Throughout the 1950s De Havilland Canada saw its reputation for tough STOL aircraft grow with the DHC-2 Beaver and its larger successor, the DHC-3 Otter. From the research standpoint, the durability and load carrying capacity of the Otter in particular led to one of the more unusual STOL aircraft research programs that while little-known to most, played a significant role in advancing De Havilland Canada's knowledge base in STOL aerodynamics. In 1956, two agencies in the Canadian government, the National Research Council and the Defence Research Board, agreed to a joint venture with the company to use a highly modified Otter for STOL research. Both the NRC and DRB had been closely involved with De Havilland with the Beaver and Otter development for several years already. The government report on the proposed program stated "The purpose of the DRB/DHC program is to assess the aerodynamic performance, stability and control problems of STOL aircraft wit the object of finding new refinements in the art."
The Otter STOL research program progressed in three phases. The first phase had an ex-RCAF Otter modified with a large "bat wing" flap on the inboard half of each wing. This greatly increased the wing chord and wing surface area. Both the modified Otter and a standard Otter were tested to evaluate the differences each successive modification would bring to STOL flight. In addition, the horizontal tailplane was given a considerable amount of dihedral and moved up the fin to bring it out of the propwash of the main engine. Since most flights would take place in the slow flight regime, the fin was significantly enlarged in height and chord to provide more directional authority at low speeds. Before the first flights took place, the modified Otter was fixed to ground rig that was truck-towed up and down the main runway at De Havilland Canada's Downsview facility up to 35mph to evaluated wing behavior just before liftoff/after touchdown. Once the modifications were cleared, a series of short hops commenced that led to longer flights. This first series of fight tests ended in 1960.

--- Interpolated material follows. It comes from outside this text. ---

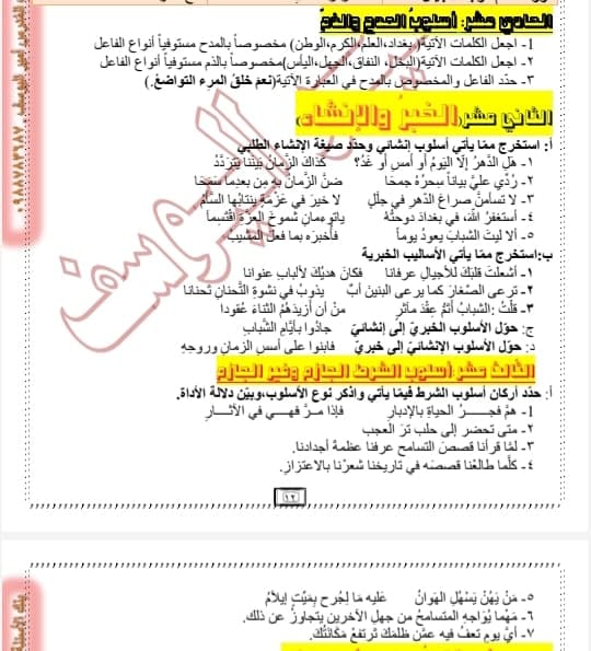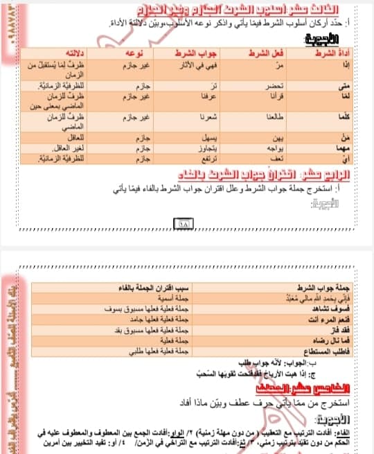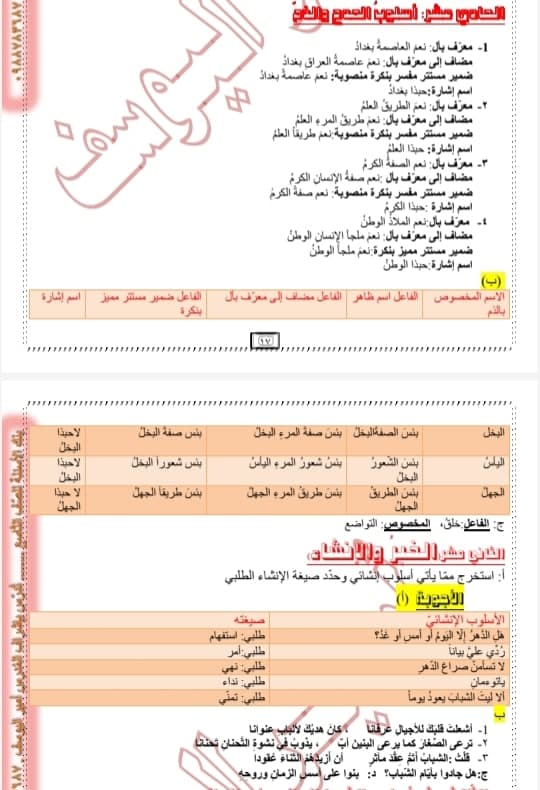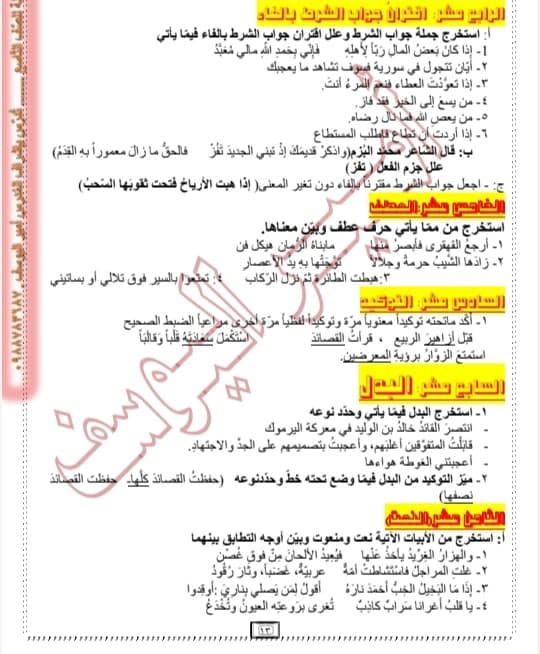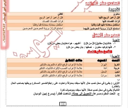 أوراق عمل في قواعد الفصل الثاني عربي مع الأجوبة تشمل الصيغ الوزارية كافة للتاسع المنهاج السوري

For the second phase of testing, the Otter was again modified. The original landing gear was replaced with a very robust external four-point gear to absorb the impact of high-sink rate landings. The gear looked a lot like two small floats, in fact, but was designed to absorb as much as twice the energy of an STOL landing over a standard Otter. The second modification put a General Electric J85 turbojet (similar to what is used on the Cessna T-37 and Northorp F-5 series of fighters) in the rear fuselage that had its exhaust diverted out vectorable diverter exhausts on each side of the lower rear fuselage. A rotary control in the cockpit allowed the DHC test pilots to divert the J85's thrust fully aft to as much as full forward to evaluate the effects of jet deflection along with the slipstream over the bat wing flap sections by the main engine. In this configuration, the modified Otter could fly as slowly as 45 mph! This series of tests ran from 1961 to 1962.
The last and third phase of testing benefitted from De Havilland Canada's close association with Pratt & Whitney Canada in the development of the PT6 turboprop. As DHC had modified a Beech 18 for powerplant company to flight test the PT6 prototype engines, DHC had an inside track on the PT6 and its development. The original main radial engine of the Otter was removed and replaced with a rounded nose fairing and two PT6 turboprop engines were rented from Pratt & Whitney Canada and installed on the wings just outboard of the bat wing sections. Several hundred hours' flying time were logged studying the effects of the more powerful propwash of the twin PT6 engines with the J85 jet engine and its vectorable exhaust. When this phase of the Otter STOL program ended in 1965, the experience and data gathered would have a significant impact on the De Havilland DHC-6 Twin Otter program that was launched in that same year.
Source: De Havilland in Canada by Fred W. Hotson. CANAV Books, 1999, p178-179.